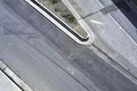an overhead shot of a street and the sidewalk taken from a top - up view
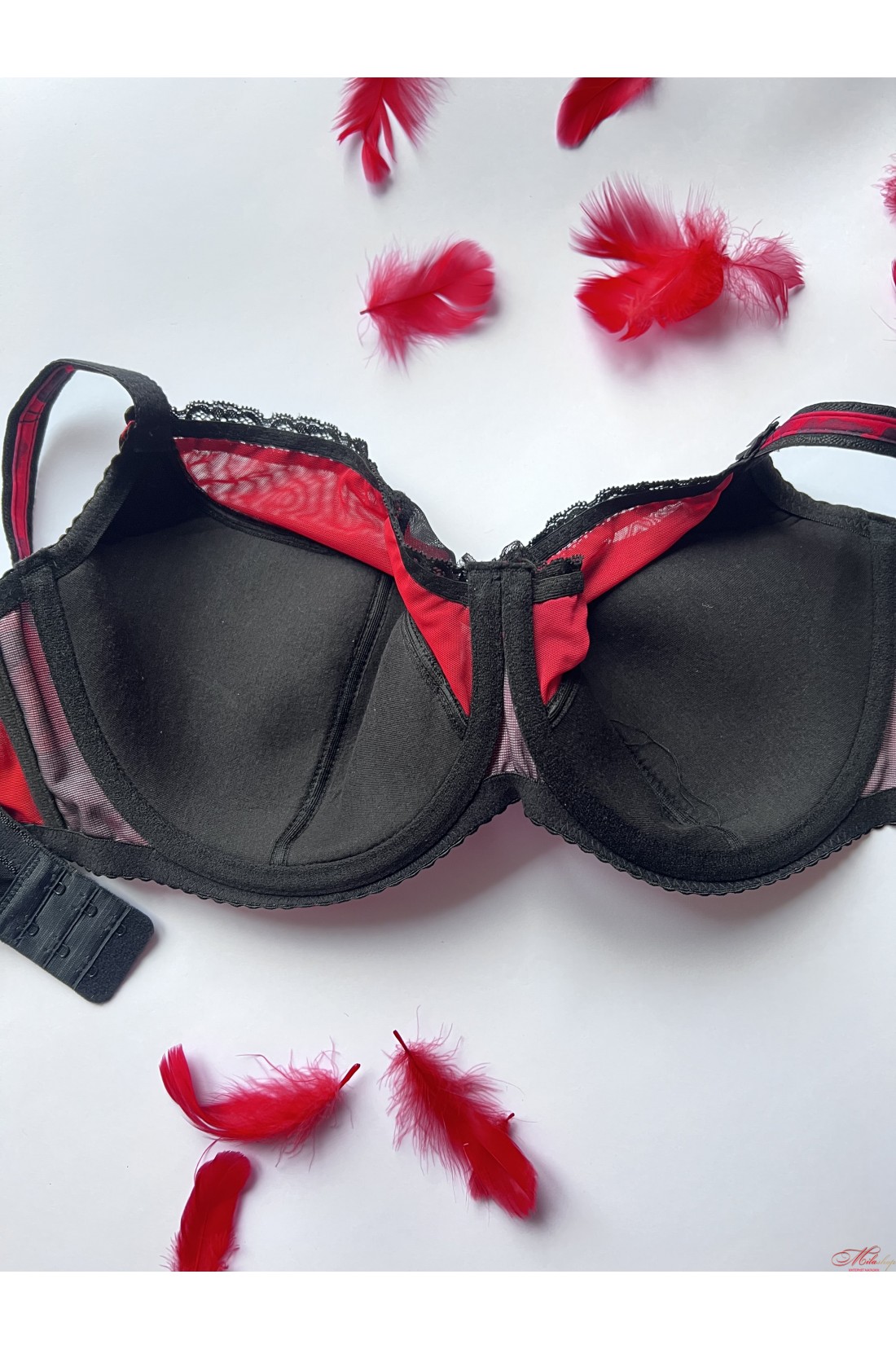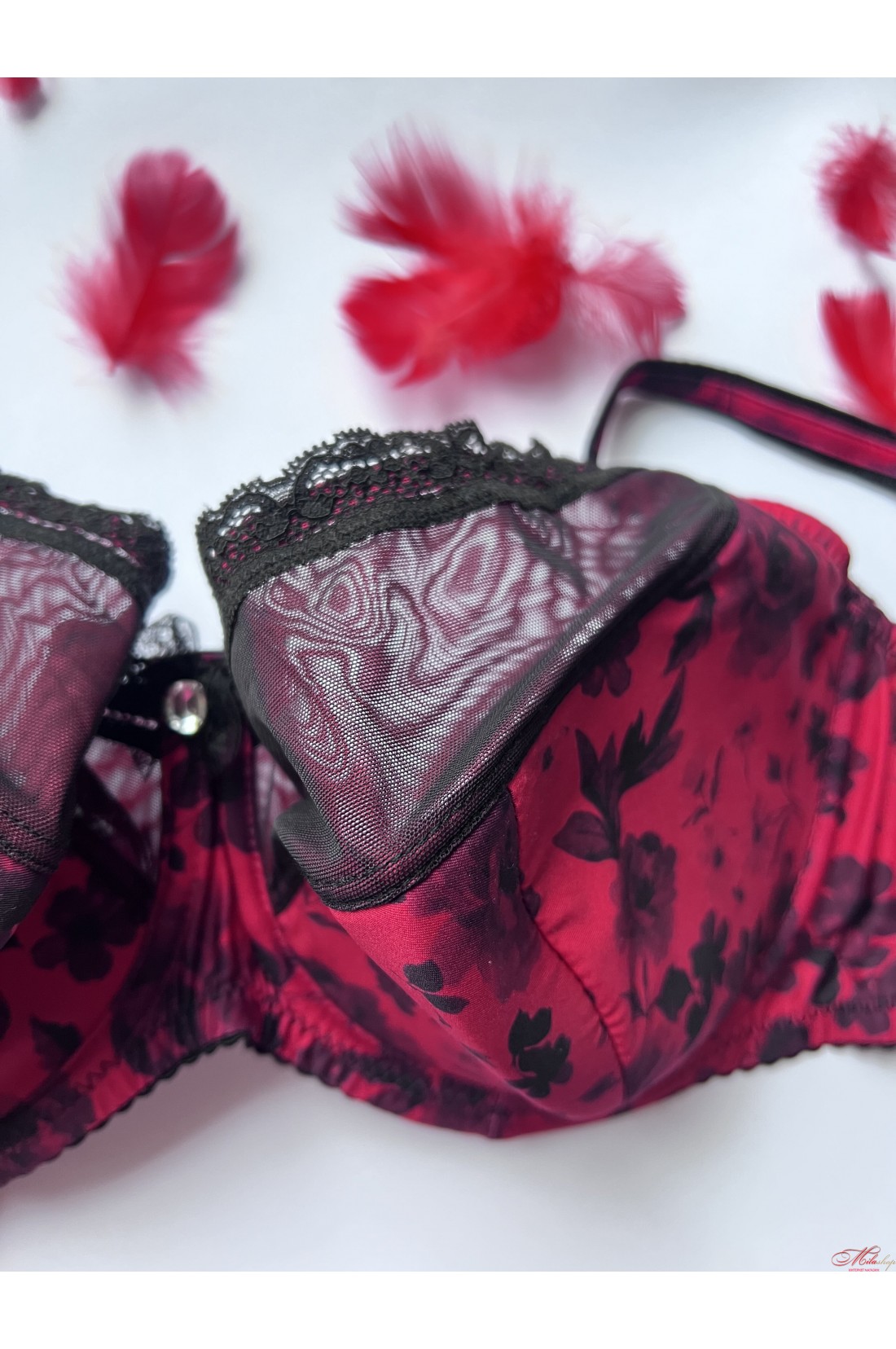 Чашка бюстгальтера на кісточках, на м'якому напівпоролоні, всередині бавовняна підкладка. Бретелі незнімні, регульовані, декорований мікросіточкою.
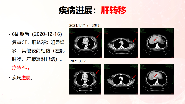 姚静教授:我认为目前患者的病例资料不够完整,首先该患者双侧均有肿物,然而只做了左乳肿物的穿刺活检,右侧乳腺肿物只有彩超检查,彩超示BI-RADs:5类,右乳腺肿物及肝脏占位均未行穿刺活检。那么,有没有可能是双乳癌伴肝转移?且肝脏转移灶来源于左乳还是右乳?一线治疗时,期间肝脏转移灶最佳疗效达到PR但后续进展,那么这个PD是肝脏的新发病灶还是后续进展病灶,这几个点是不清楚的。如果是新发病灶我认为还是要对肿物和转移灶进行穿刺,确定其病理类型后,再决定下一步的治疗方案。
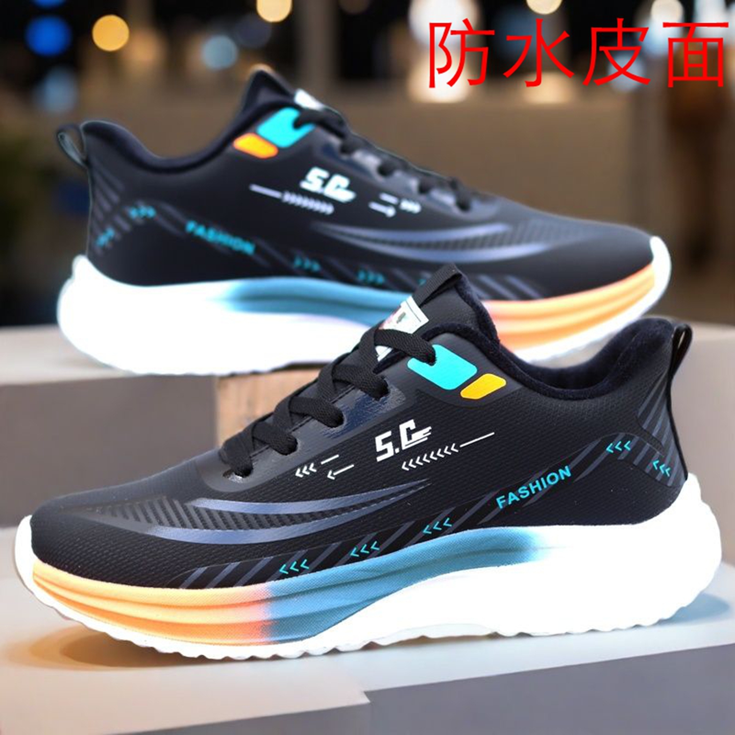 跑步鞋男鞋秋冬季超轻运动鞋防水皮面软底耐磨学生大码潮流休闲鞋
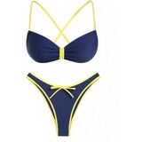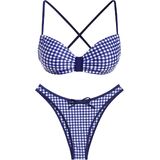 Edgy Gingham Criss-Cross Swimwear: Seamoly's bikini dazzles with gingham patterns, criss-cross ties, and a bowknot charm. The wire-free design and removable padding prioritize comfort, while high-stretch fabric hugs your silhouette. Lined for confidence—ideal for adventurous sun-soaked escapes!
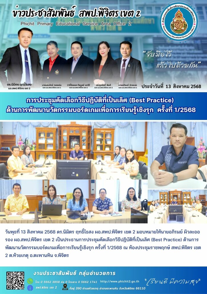 การประชุมคัดเลือกวิธีปฏิบัติที่เป็นเลิศ (Best Practice) ด้านการพัฒนานวัตกรรมบอร์ดเกมเพื่อการเรียนรู้เชิงรุกครั้งที่ 1/2568
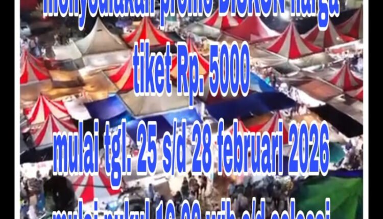 Agus, selaku owner Pasar Malam Doa Ibu, mengungkapkan bahwa pihaknya memberikan diskon khusus harga tiket masuk menjadi hanya Rp5.000. Promo menarik ini berlaku terbatas mulai tanggal 25 hingga 28 Februari 2026.
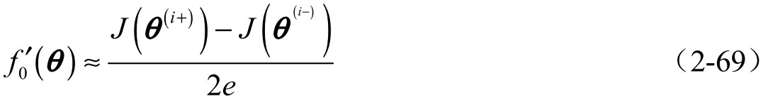 其中, e 是一个小的数值(通常在1×10 -5 左右)。 J ( θ ( i +) )表示在进行前向传播时,给定输入的情况下,参数 θ 的第 i 个元素被扰动+ e 时计算的误差。 J ( θ ( i -) )表示在相同输入情况下,参数 θ 的第 i 个元素扰动- e 时计算的误差。因此,通过两次前向传播,可以近似计算模型中任何给定参数元素的梯度。这种数值梯度的定义直接来源于导数的定义。虽然这种数值梯度计算方法比较精确,但是每次计算单个元素的梯度都需要在网络中进行两次前向传播,计算代价非常高。因此,这种方法通常仅用于验证梯度的正确性,在实际训练中并不使用。
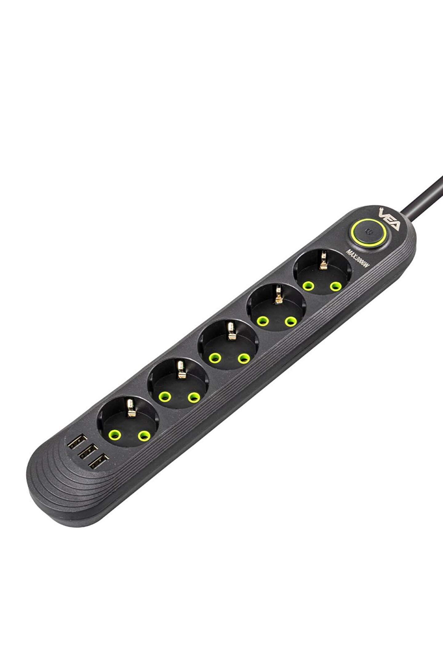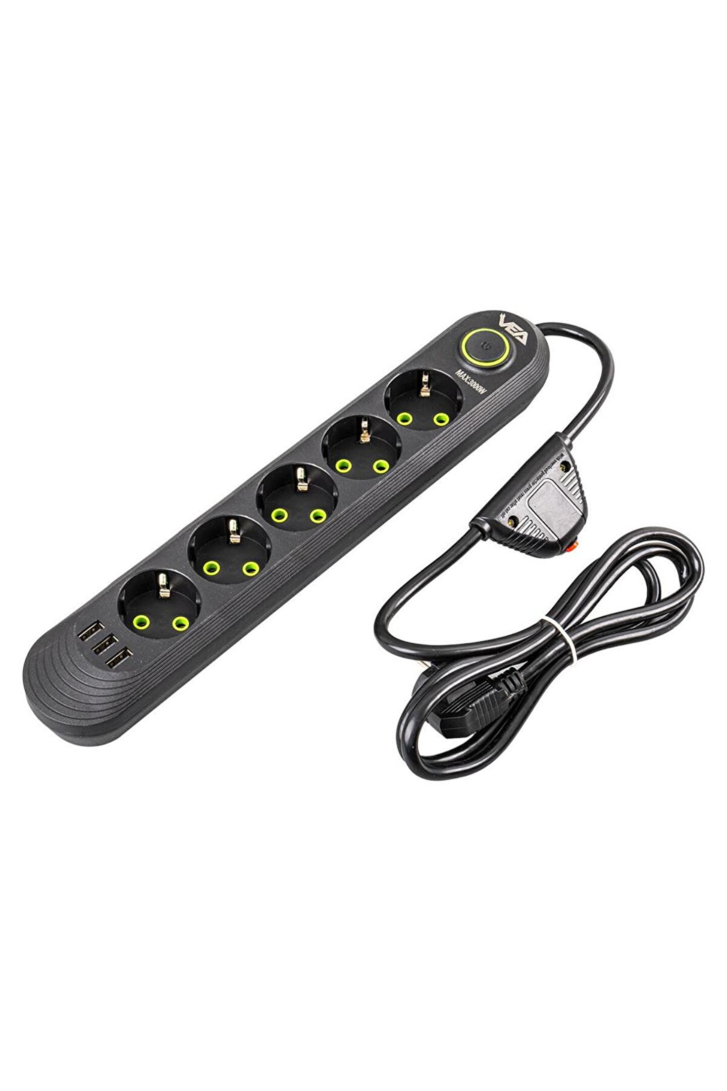 5 Priz ve 3 USB Çıkışı: Vea VA-21561, beş adet priz ve üç adet USB çıkışı ile donatılmıştır, böylece çok sayıda elektronik cihazı aynı anda şarj edebilir veya kullanabilirsiniz. Prizler, geniş aralıklı tasarımı sayesinde farklı priz tiplerine uyum sağlar.
================
The copy should hold exactly the lines above from the one with "Edgy Gingham Criss-Cross" through the one with "การประชุมคัดเลือกวิธีปฏิบัติที่เป็นเลิศ (Best Practice)", both ends counted, and no pictures at all.

 Edgy Gingham Criss-Cross Swimwear: Seamoly's bikini dazzles with gingham patterns, criss-cross ties, and a bowknot charm. The wire-free design and removable padding prioritize comfort, while high-stretch fabric hugs your silhouette. Lined for confidence—ideal for adventurous sun-soaked escapes!
 การประชุมคัดเลือกวิธีปฏิบัติที่เป็นเลิศ (Best Practice) ด้านการพัฒนานวัตกรรมบอร์ดเกมเพื่อการเรียนรู้เชิงรุกครั้งที่ 1/2568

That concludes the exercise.